As our HT Thanos disciples would argue, there's too many people. And when there's too many people a communicable disease can thin the herd, like wildlife. But since we can't tolerate preventable human death, we put measures in place to minimize it (gun control, traffic laws, medicine). These measures involve limiting our freedom but we often find the sacrifices to be worth the benefits.

But for how long and how often is society going to tolerate measures that severely limit our freedom like what we're doing right now? Most people seem to think a couple of weeks of shelter in place and some paychecks/wealth are worth it in this case (easy for me to say, I'm still going to work and getting paid, can recreate all over my state). But 6 months of this? What if something similar occurs in 2 years? Or next year? Will we be willing to go through this again that soon? Worldwide population density is set to increase for the next 50-100 years so there will be more pandemics.

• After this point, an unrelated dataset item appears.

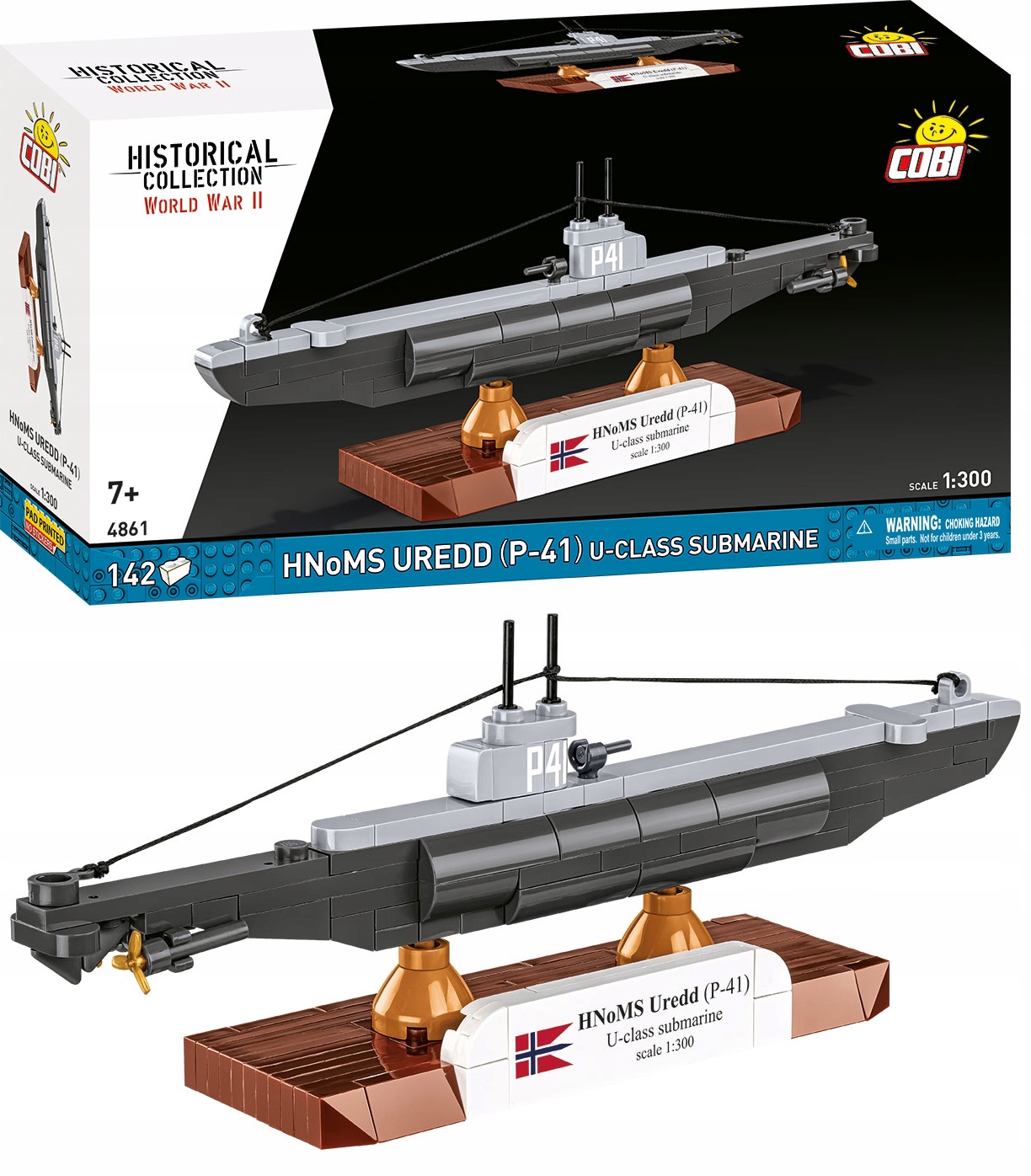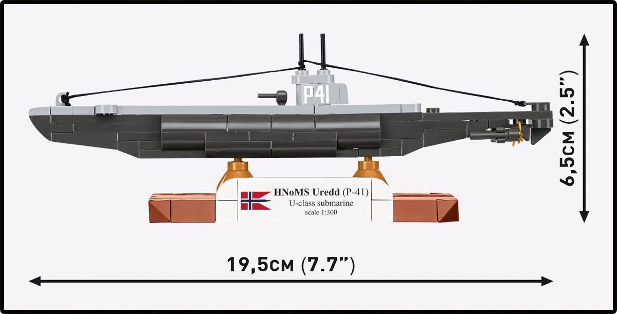 - Skala 1:300 –model doskonale uzupełnia serię okrętów COBI w skali 1:300, obok min. ORP Orzeł, ORP Dzik, HMS Upholder, czy niemieckich jednostek jak U-47 i U-96.

Just saying folks have some legitimate questions/concerns about how this will play out in the short and long run
 
So we should ban game farms because they are a disease vector and threat to public wildlife (which they are), but we shouldn't close public lands to limit human movement during a pandemic because of the disease vector and threat to human safety?

Got it.
No more so that we should stop driving cars to stop the pandemic of vehicular deaths.
 
No more so that we should stop driving cars to stop the pandemic of vehicular deaths.
That's a non sequitur, my friend. We take measures everyday to reduce and/or minimize the number of traffic deaths.

Take a deep breath and go re-read the text I sent you.